TABLE 13.1 Bias Study Extraversion Items ZOU268WS.TXT Apr 2 12:27 2012
INPUT: 189 Persons 10 Items MEASURED: 189 Persons 10 Items 5 CATS 1.0.0
------
Person: REAL SEP.: 2.42 REL.: .85 ... Item: REAL SEP.: 7.03 REL.: .98
Item STATISTICS: MEASURE ORDER
+------+
|ENTRY TOTAL MODEL| INFIT | OUTFIT |PTMEA|EXACT MATCH| |
|NUMBER SCORE COUNT MEASURE S.E. |MNSQ ZSTD|MNSQ ZSTD|CORR.| OBS% EXP%| Item |
|------+------+------+-----+------+------|
| 8 509 189 1.14 .09| .98 -.2|1.03 .3| .65| 52.9 48.3| 08R Don't draw attention |
| 10 533 189 .93 .09|1.16 1.6|1.16 1.5| .70| 46.5 47.6| 10R Quiet around strangers |
| 1 548 189 .80 .09| .86 -1.4| .93 -.7| .69| 50.8 48.1| 01 Life of party |
| 9 618 189 .18 .09|1.32 2.9|1.28 2.6| .62| 48.1 49.0| 09 Don't mind being center |
| 4 639 189 -.01 .10| .68 -3.6| .75 -2.6| .75| 64.2 49.8| 04R Keep in background |
| 7 641 189 -.03 .10|1.20 1.9|1.17 1.6| .73| 47.6 49.9| 07 Talk to diff people |
| 2 691 189 -.52 .10|1.13 1.2|1.06 .6| .74| 46.5 52.9| 02R Don't talk a lot |
| 5 718 189 -.81 .10| .75 -2.5| .74 -2.6| .75| 61.0 55.2| 05 Start conversations |
| 3 719 189 -.82 .10| .96 -.3| .88 -1.1| .65| 59.4 56.0| 03 Comfortable around people|
| 6 722 189 -.86 .10|1.03 .3|1.01 .2| .65| 59.9 56.2| 06R Have little to say |
|------+------+------+-----+------+------|
| MEAN 627.8 187.0 .00 .10|1.01 .0|1.00 .0| | 53.7 51.3| |
| S.D. 76.7 .0 .72 .00| .19 1.9| .17 1.6| | 6.4 3.2| |
+------+
Items with large positive measures are those to which only the most extraverted endorsed. That is, if a person endorsed with those items, they were very extraverted.
Items with negative measures are those to which moderately or even low extraverted respondents endorse.
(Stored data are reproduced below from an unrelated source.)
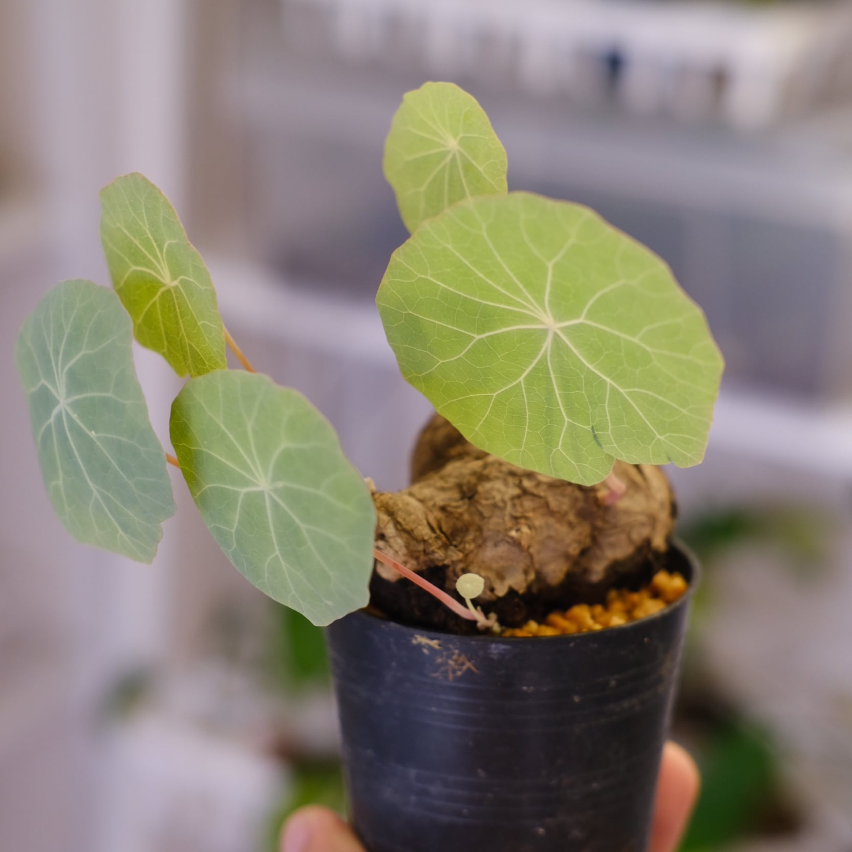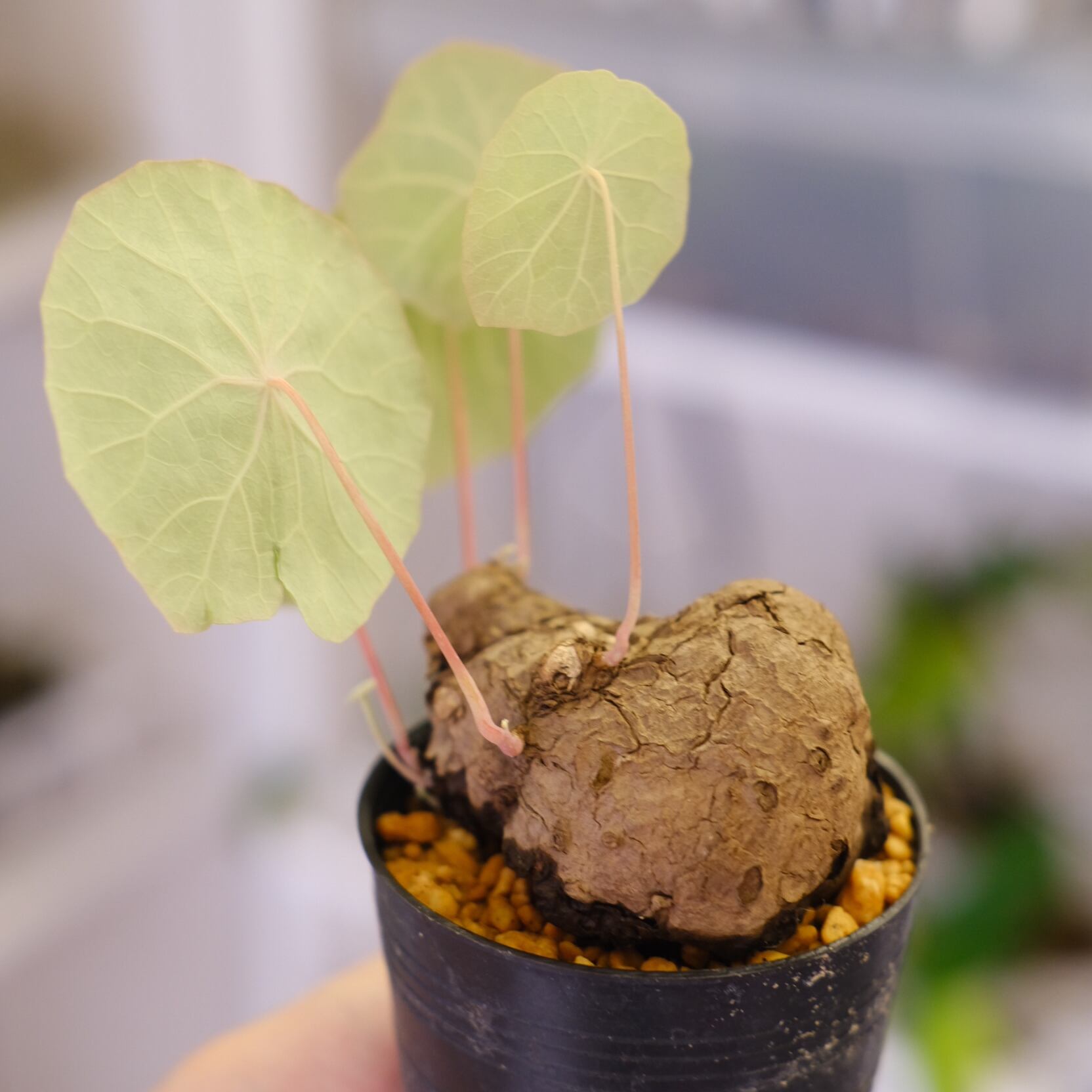 暖かく風通しの良い環境を好みます。水やりは他の塊根植物と同様に土の表面が乾いたらたっぷりとあげてください。冬は落葉しますが、また春になると新しい葉が展開するため毎年違った表情を楽しめます。(20℃を下回らなければ1年を通して新芽を展開してくれますよ)
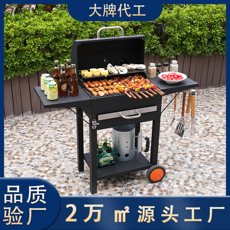 Barang Tersedia Barbekyu Rumah Tangga Ukuran Besar Villa Halaman Oven Barbekyu Rumah Tangga Arang Portabel Gaya Amerika Panggangan Luar Ruangan Besar
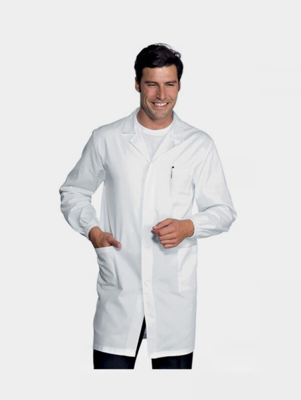 Camice da uomo a manica lunga, senza elastico ai polsi, 2 tasche e taschino sul petto, lungo 100cm.
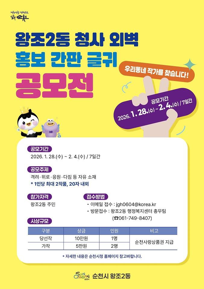 Àü¶ó³²µµ ¼øÃµ½Ã ¿ÕÁ¶2µ¿ ÇàÁ¤º¹Áö¼¾ÅͰ¡ µ¿¹ÎÀ» ´ë»óÀ¸·Î û»ç ¿Üº® È«º¸ °£ÆÇ¿¡ °Ô½ÃÇÒ ÀÀ¿ø ¹®±¸ °ø¸ðÀüÀ» ¿¬´Ù.
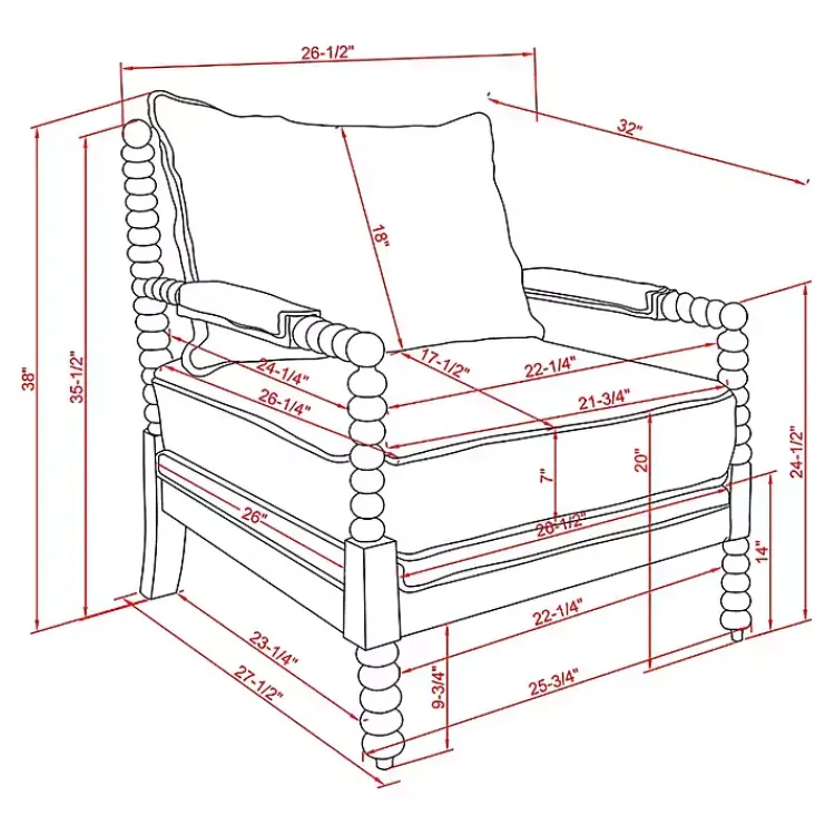 - Chair measures 26.5L x 32W x 38H in.; seat measures 20H in.
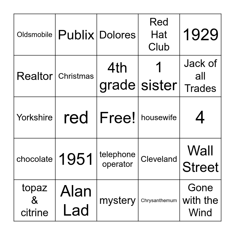 This bingo card has a free space and 33 words: dating years, ice cream, red, Germany, chocolate, Christmas, 1929, topaz & citrine, Publix, scrubbing floors on hands and knees, 4th grade, Dolores, Trojans, Mrs. Gocox doll, housewife, Jack of all Trades, Alan Lad, Yorkshire, 1951, Cleveland, telephone operator, $0.21, Oldsmobile, 4, mystery, Gone with the Wind, Red Hat Club, 1 sister, Realtor, Wall Street, Hoover, Chrysanthemum and Jumping bugs.
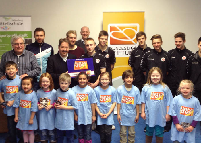 Die Schulsportinitiative Klasse in Sport e. V. (KiS) und die Bundesliga-Stiftung (BLS) haben an einen weiteren Startschuss für eine längerfristige, gemeinsame Zusammenarbeit gegeben. Gemeinsam mit dem FC St. Pauli wird nun der Standort Hamburg auf derzeit 19 Grundschulen erweitert. Bundesweit unterstützt KiS damit zusammen mit anderen Freunden und Förderern wie der REWE-Group, der ERGO Versicherung oder Kandi-Malz insgesamt 84 Schulen. Zur offiziellen Schulschildübergabe im Rahmen dieser Kooperation trafen sich Thorsten Richter (Projektverantwortlicher der Bundesliga-Stiftung), Spieler Markus Thorand und Alexander Eik vom FC St. Pauli, Mathias Bellinghausen (Geschäftsführung vom KiS e.V.) gemeinsam mit Rektor Thomas Grübler und Jens Bendixen-Stach gemeinsam mit Schülern der STS Fischbek-Falkenberg in deren nagelneuen Sporthalle.
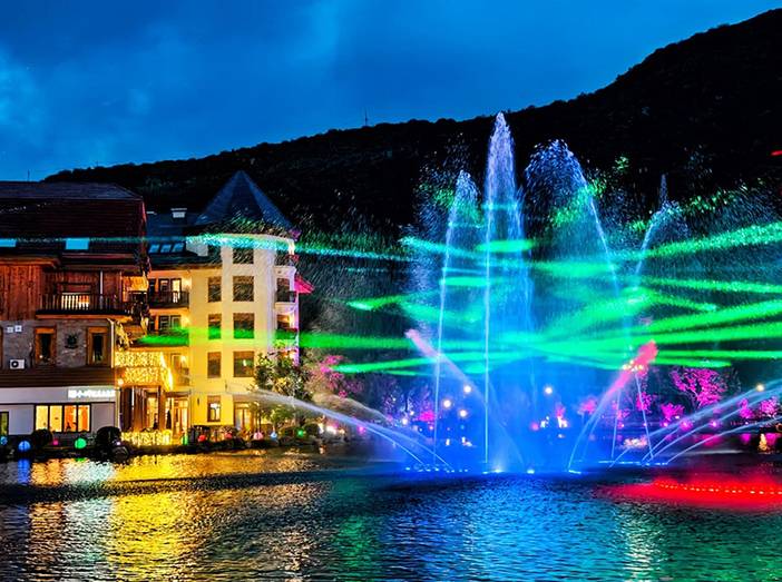 可乘坐观光缆车登顶,在天空之梯拍出绝美大片,还能将小镇全景尽收眼底。漫步风铃乐谷,欧式建筑环湖而立,音乐喷泉开启时如梦如幻。带娃的话,白熊之家儿童乐园不可错过,3000 平米超大场地,让大家尽情撒欢。

Note that disagreement is endorsement for negatively-worded items. So even low extraverted participants disagreed with “Have little to say.”
Note that there are 3 items for which there is an indication that agreement to the items was not as consistent as we would like. Two of the Infit values are negative, indicating “very good, perhaps too good consistency”.
One item - #9 – has a large positive infit value. This is an item for which some high E people might disagree and low E people might agree.